Getting a new job with a newspaper, a magazine, or even an online publication had so far proved difficult. Although he’d applied to them all, including the tiniest outfits, he had received nothing but rejections for weeks. It was hardly morale boosting for him, and it was a cause of quite some tension between him and Hannah.

While she was working away enthusiastically on setting up her new business, Simon’s mood deteriorated with every day he was stuck at home without a job. Secretly, she longed for a return to the early days of their relationship, when Simon had swept her off her feet with his sense of humor, his charm, and his loving manner.

Hannah had met him when he turned up at the daycare center one day to collect his godson. They’d both immediately sensed the chemistry between them, and in the following weeks Simon had turned up rather often to pick up the boy. By chance or intentionally? Probably the latter, as after two months or so, he had asked her if she could maybe see her way to meeting him outside work.

“If I have to wait until I have my own children to see you more often, it could take a while,” he had said. “And that would mean the ideal time had passed us by.” Hannah still broke into a dreamy smile when she thought of the way Simon had asked her out.

She recalled their first date, when Simon had invited her for a picnic on the banks of the Elbe. What a grand affair! The sun had pulled out all the stops on that wonderful day in May, and they had sat at the waterside on his picnic blanket from morning until late into the evening, watching the ships go by and sampling the delicacies Simon had brought in two oversized bags—ice-cold white wine and champagne, fruit juices and water, fruit and cheese, ciabatta, a selection of salads, homemade schnitzel (yes, homemade!), prosciutto, prawns, a range of antipasti—Simon had gone all out to impress Hannah.

He even had the correct glasses, cutlery, crockery, and linen napkins in his bag, and as twilight descended he’d lit two flaming torches. Hannah had felt as if she were at a gala dinner. Well, a gala dinner on the riverbank.

Then there was Simon’s first kiss . . . So shy and sweet, so nervous and trembly; his heart was beating so wildly that she could feel it.

And when they weren’t kissing, he’d talked. He spoke without pause, telling her about his exciting job with the newspaper, about his plans for a round-the-world trip he wanted to embark on one day, and about the great novel he wanted to write as soon as he found the time. He had laughed and joked and told stories, putting Hannah fully under his spell. Such zest for life, such passion, such enthusiasm!

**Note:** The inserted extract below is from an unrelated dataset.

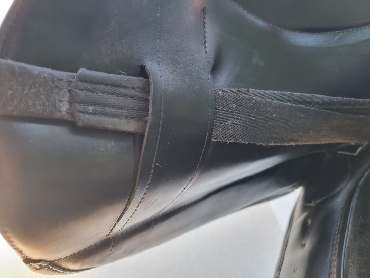 The special pommel shape in front and behind the leg gives a secure, calm and comfortable seat feeling. Due to the adaptable special spring tree, it can be adjusted to almost any horse's back by a specialist. The chamber shape and wide spine channel make it perfect for larger horses with high withers. Seat area approx. 16 inches. All dimensions are shown in the pictures.

But not long after that day, Simon’s mother, Hilde, had died of cancer, as had his father some ten years before her, and just as he was recovering from the shock, trouble had begun to brew in the media industry.

When his editorial colleagues began having to clear their desks, Simon became ever more uncertain, despondent, and pessimistic, until in the end his greatest fear—that he, too, would be laid off—became reality. Sometimes Hannah couldn’t help thinking he might have talked his layoff into being, so often had he wrung his hands over the possibility.

And ever since then, he’d been at odds with his fate, with his life, and with himself. Hannah could understand it to a point, but at times it got on her nerves, however reluctant she was to admit it. She was convinced that Simon’s attitude was making things worse. He might well have thought it nonsense, but Hannah was sure that a person’s fortune was colored by their attitude: optimists experienced good things, pessimists bad, and the universe would give those who expected the worst what they deserved.

In Hannah’s opinion, viewed objectively, Simon had no real grounds for complaint. He was young and healthy, and he had a roof over his head, enough to eat, and a loving partner by his side—a lot of people in the world were much worse off than that! She really hoped he’d return to his old self as soon as he found a new job.